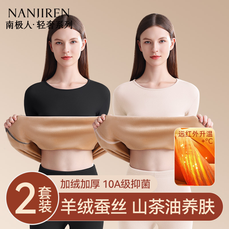 防寒冬季 加绒加厚德绒发热打底衫 套装 南极人保暖内衣女士秋衣秋裤
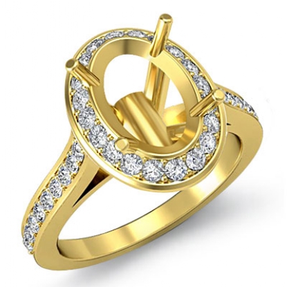 Diamond Engagement Ring Oval Semi Mount 18k Gold Halo Pave Setting (0.7Ct. tw.)
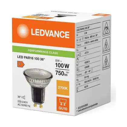 Multipack 10x Ledvance LED PAR16 GU10 Reflector 8W 750lm 36D - 827 Extra Warm White | Replaces 80W
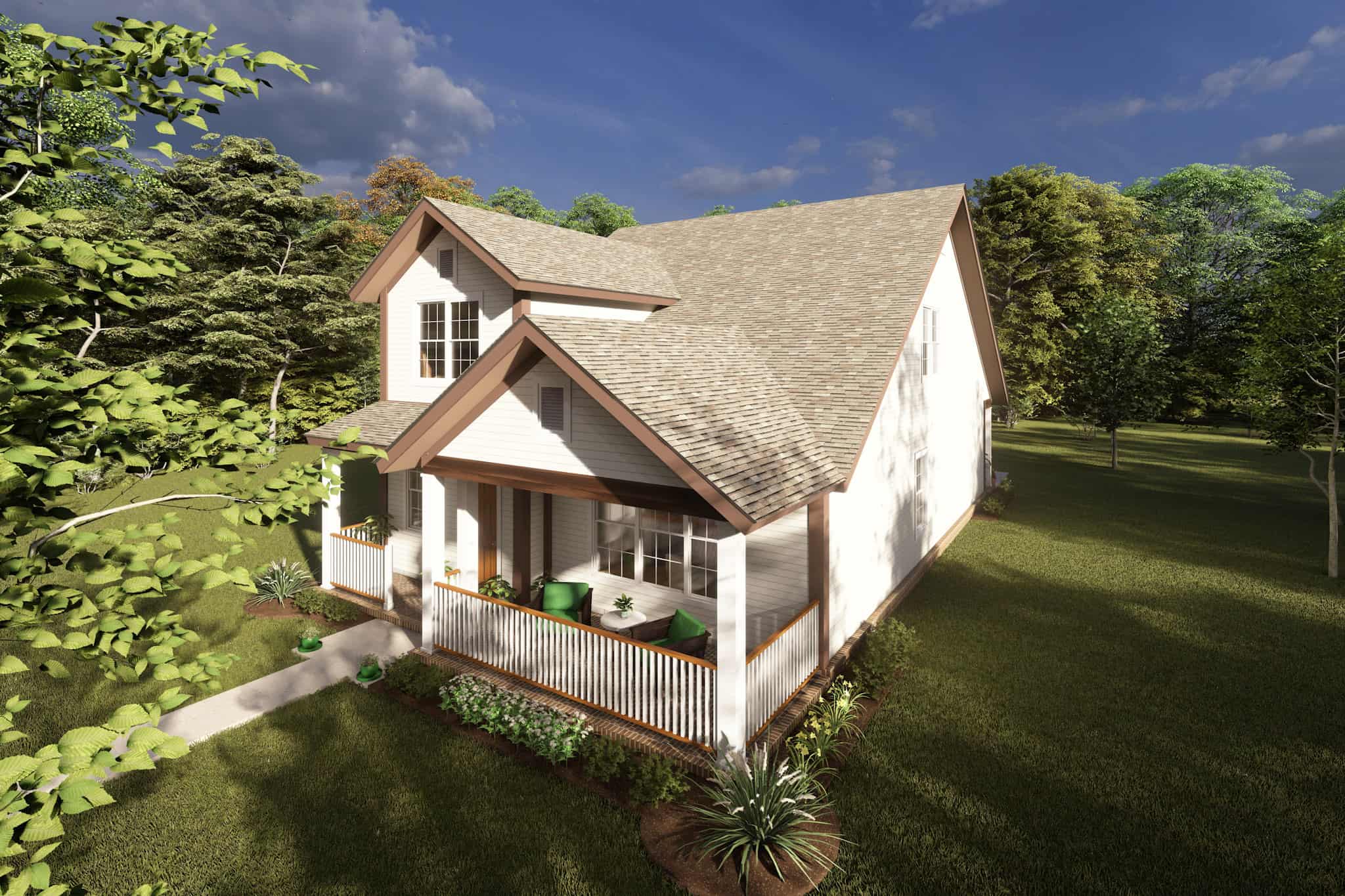 This lovely cottage home with Craftsman influences (House Plan #178-1218) has 2232 square feet of living space. The floor plan includes 4 bedrooms and 3.5 bathrooms.
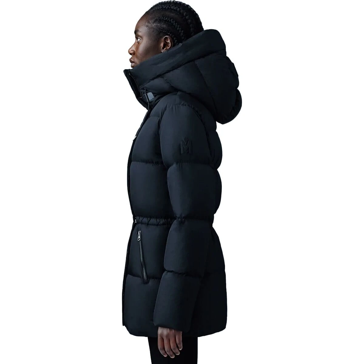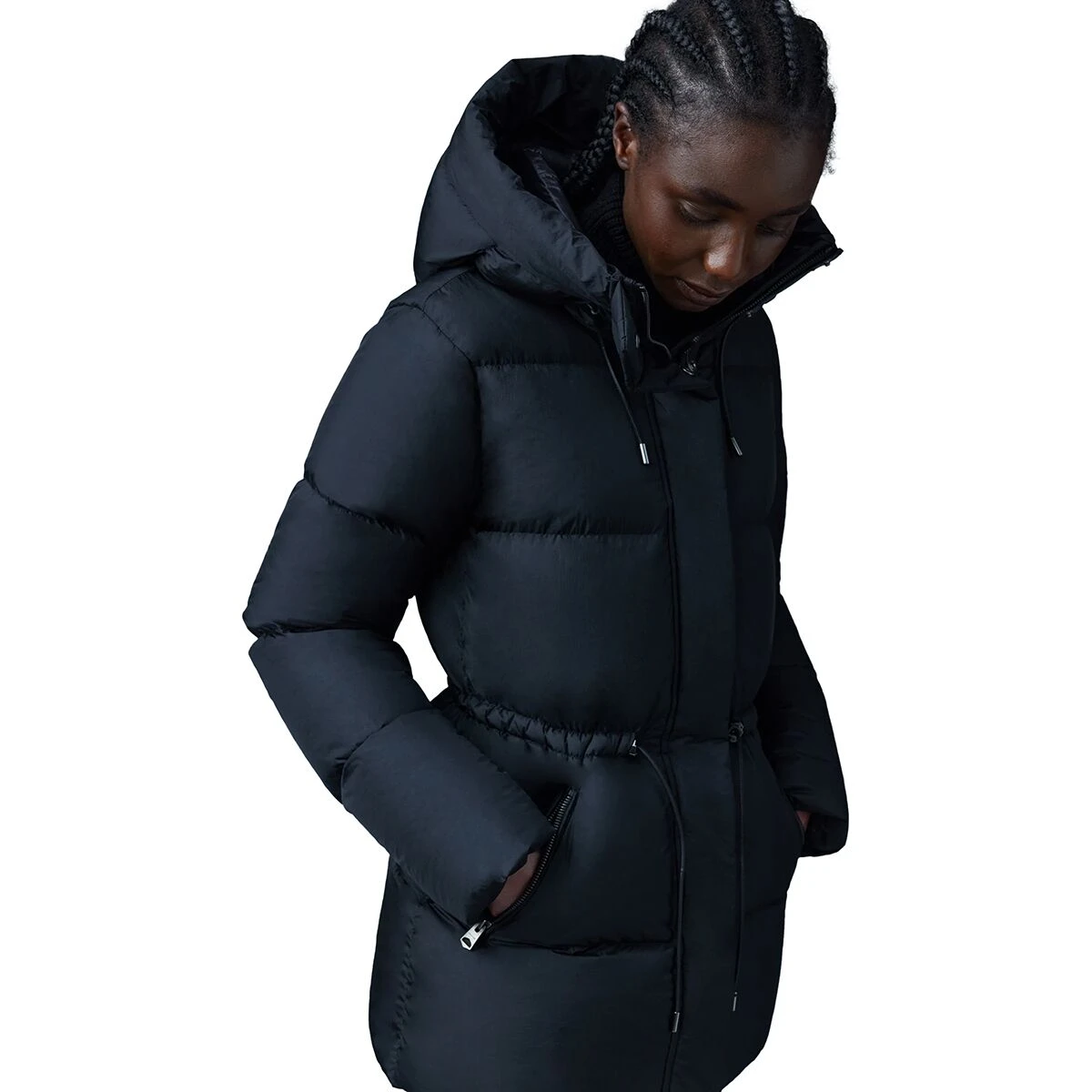 The warm, winter-ready Freya Down Jacket from Mackage brings us a unique and fresh look as we wander our cold city streets. Duck down insulates from the chill and provides a windproof interior, while the full hood with storm flaps works well to keep weather from falling down the neck.
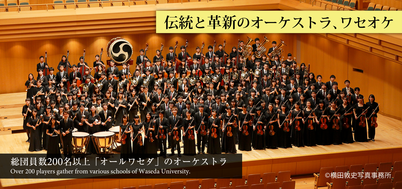 早稲田大学交響楽団は、「ワセオケ」の愛称で親しまれる早稲田大学の公認オーケストラです。1913年に創立された当楽団は、公認オーケストラとしては唯一、同大学の学部学生のみで構成されており、総団員数は約300名に上ります。年4~5回の主催公演、入学式や卒業式をはじめとする早稲田大学公式行事・文化事業における演奏を主な活動としており、このほか年間20~30件の依頼演奏も行っています。2023年度には、創立110周年を記念し、ザ・シンフォニーホールにて大阪特別公演を行いました。
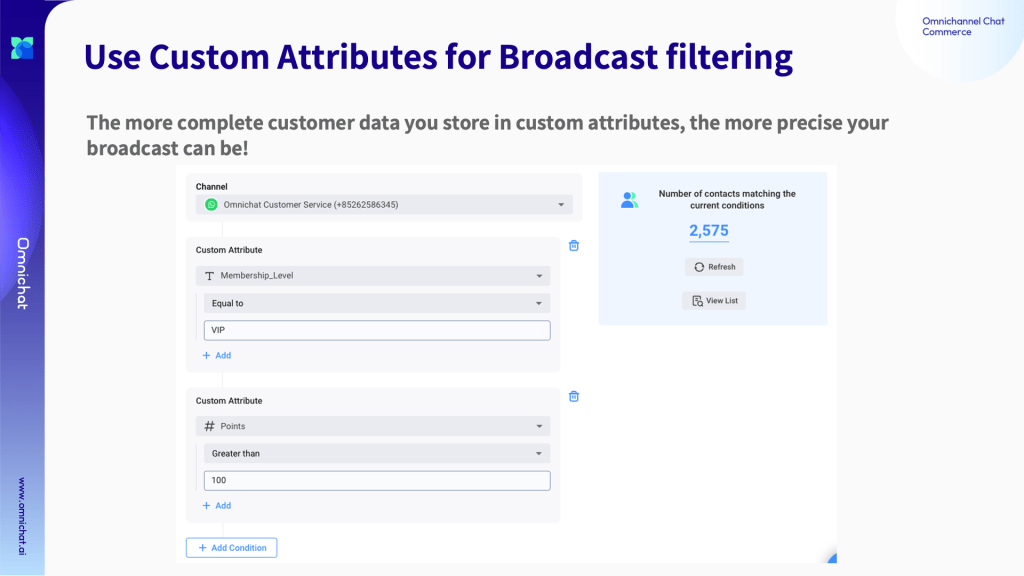 Have you ever used tags to segment your audience for WhatsApp Broadcasts? By leveraging custom attributes, you can further refine audience filtering conditions, like membership level, membership points, and preferred products. Improve conversion rates and reduce broadcast costs by targeting the right audience accurately!
= = = = =
Beginning with the line that holds "早稲田大学交響楽団は、「ワセ", output each line to the end of the material above, exactly, omitting the pictures.

 早稲田大学交響楽団は、「ワセオケ」の愛称で親しまれる早稲田大学の公認オーケストラです。1913年に創立された当楽団は、公認オーケストラとしては唯一、同大学の学部学生のみで構成されており、総団員数は約300名に上ります。年4~5回の主催公演、入学式や卒業式をはじめとする早稲田大学公式行事・文化事業における演奏を主な活動としており、このほか年間20~30件の依頼演奏も行っています。2023年度には、創立110周年を記念し、ザ・シンフォニーホールにて大阪特別公演を行いました。
 Have you ever used tags to segment your audience for WhatsApp Broadcasts? By leveraging custom attributes, you can further refine audience filtering conditions, like membership level, membership points, and preferred products. Improve conversion rates and reduce broadcast costs by targeting the right audience accurately!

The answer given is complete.